Professor Christopher Forsyth raised a number of questions about the likely attitude of the courts should Judicial Review proceedings be pursued in this context. Noting that clause 1(1) of the UK Bill imposes a general duty upon the Secretary of State to ensure that the net UK carbon account for the year 2050 meets the baseline target (-80%), Forsyth observed that there is no indication that the duty is owed to any particular individual or class of individual or body or class of body. Such duties, notwithstanding their appearance in statutes, should be seen as imposing ‘political’ and not ‘legal duties’.
In his written evidence to the Joint Committee on the Draft UK Climate Change Bill, William Wilson responded on behalf of environmental lawyers who were asked to comment on whether the long-term target-based duty in clauses 1(1) and 2(1) were novel from a constitutional perspective, and to consider whether there were other similar examples on the statute book. He noted that the duties in the Bill were very wide ranging and would affect many sectors of the economy, and in that sense they were new. But it was certainly not unknown for binding targets to be agreed, particularly at the European level, and then applied by a variety of different means in national environmental laws. He cited the examples of the Water Framework Directive 2000/60/EC (Article 4) that requires that inland and coastal waters in the European Union achieve “good status” by 2015. Other examples include the Fourth Air Quality Daughter Directive 2004/107/EC, the UK Environment Act 1995, and the Landfill Directive 1999/31/EC.

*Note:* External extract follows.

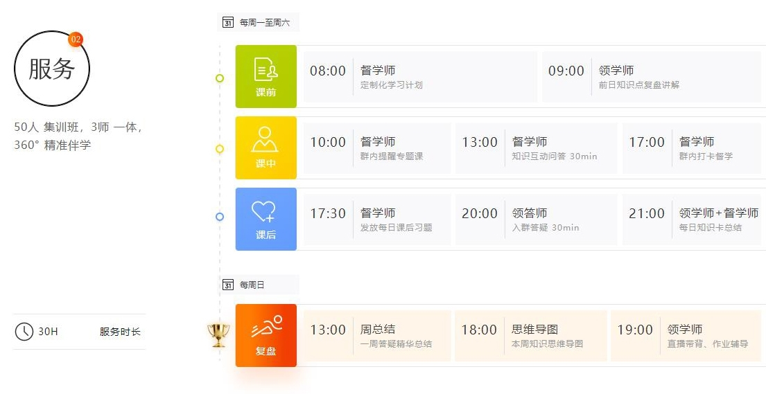 在班級(jí)群內(nèi),每周一至周六,“三師”都會(huì)在固定時(shí)間點(diǎn),提供貼心備考支持,提供定制化學(xué)習(xí)計(jì)劃、復(fù)盤前日知識(shí)、講授專屬課程、開(kāi)展問(wèn)答答疑。
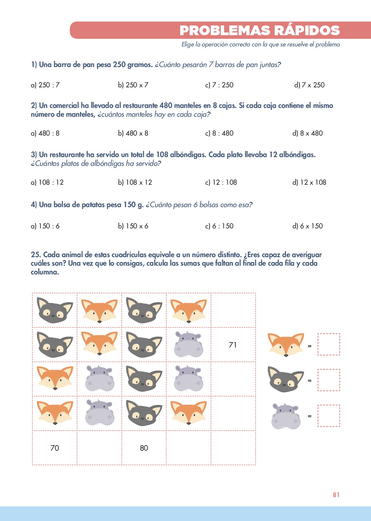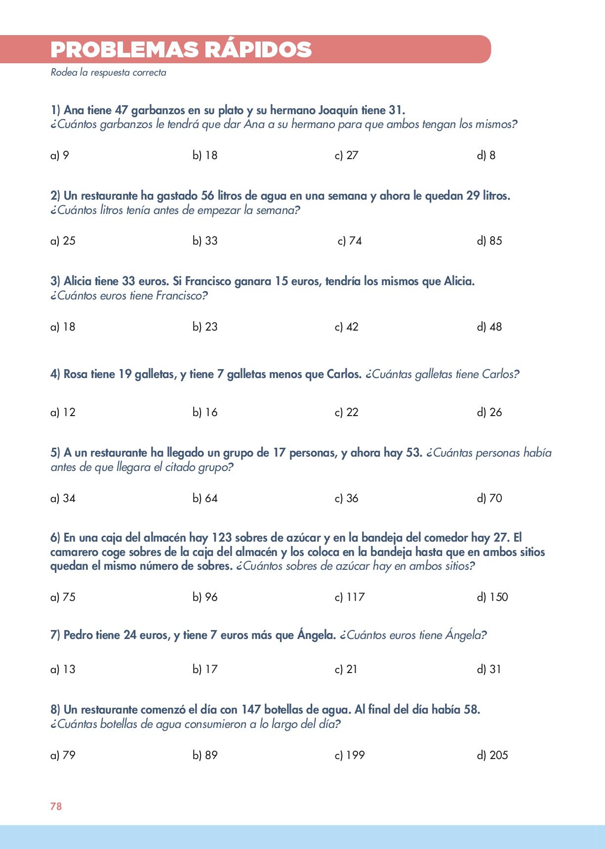 En esta página encontramos una batería de problemas rápidos en los que tendrán que seleccionar la operación con la que se resuelve y para terminar resolver un ejercicio de lógica.

Forsyth’s comments to the Joint Committee are consistent with a position set out by Mark Elliott in the publication, Parliamentary Brief (March, 2010). Noting the increasing regularity with which legislation is enacted that imposes targets on government ministers, Elliott describes the “aspirational” nature of such legislation where it lays down requirements that are largely unenforceable in a legal sense.
On clause 1(1) of the Climate Change Act 2008, Elliott cites Rodney Austin, also writing in Parliamentary Brief (2007), that where an issue of immense complexity is at stake, with wide scope for political judgment, the courts would be likely to regard ministerial decisions in such an area as either non-justiciable or as ones to which courts should pay substantial deference. Elliott believes that courts are rightly unwilling to second-guess ministerial decisions with consequences for the allocation of scarce resources, given that the immense array of interlocking issues raised by such decisions make their assessment by means of the forensic process inappropriate.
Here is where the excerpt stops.